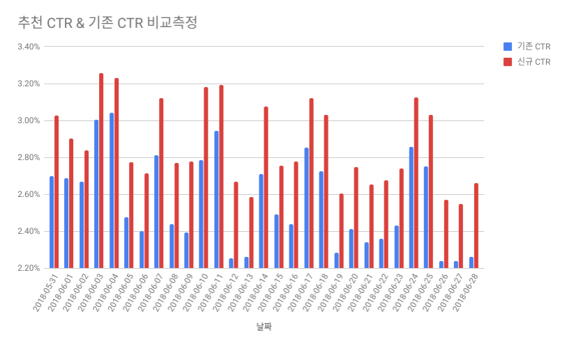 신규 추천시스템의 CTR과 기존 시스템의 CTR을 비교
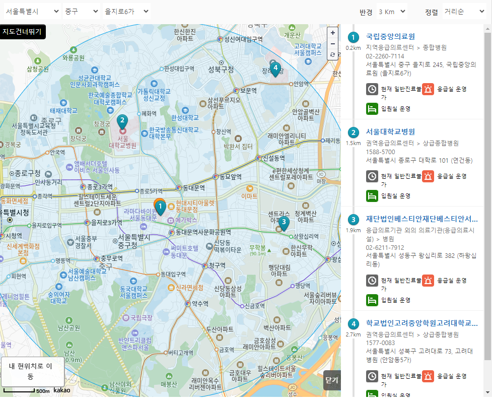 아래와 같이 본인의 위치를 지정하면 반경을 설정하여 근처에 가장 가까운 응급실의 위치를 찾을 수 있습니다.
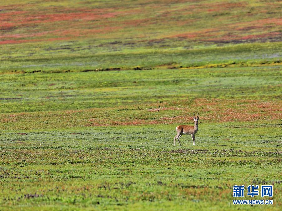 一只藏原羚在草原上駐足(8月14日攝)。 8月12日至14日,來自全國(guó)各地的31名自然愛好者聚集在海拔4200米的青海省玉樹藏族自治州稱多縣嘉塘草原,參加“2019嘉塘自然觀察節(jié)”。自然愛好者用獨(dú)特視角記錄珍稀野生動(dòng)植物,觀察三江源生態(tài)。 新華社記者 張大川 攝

---

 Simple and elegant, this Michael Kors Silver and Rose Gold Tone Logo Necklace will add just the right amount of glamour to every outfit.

BRIEF
In the listing above, find the line with "신규 추천시스템의 CTR과 기존 시스템의 CTR을 비교" and output it and every line after it up to and including the line with "新華社記者 張大川 攝", exactly, minus the pictures.

OUTPUT OF THE TASK
 신규 추천시스템의 CTR과 기존 시스템의 CTR을 비교
 아래와 같이 본인의 위치를 지정하면 반경을 설정하여 근처에 가장 가까운 응급실의 위치를 찾을 수 있습니다.
 一只藏原羚在草原上駐足(8月14日攝)。 8月12日至14日,來自全國(guó)各地的31名自然愛好者聚集在海拔4200米的青海省玉樹藏族自治州稱多縣嘉塘草原,參加“2019嘉塘自然觀察節(jié)”。自然愛好者用獨(dú)特視角記錄珍稀野生動(dòng)植物,觀察三江源生態(tài)。 新華社記者 張大川 攝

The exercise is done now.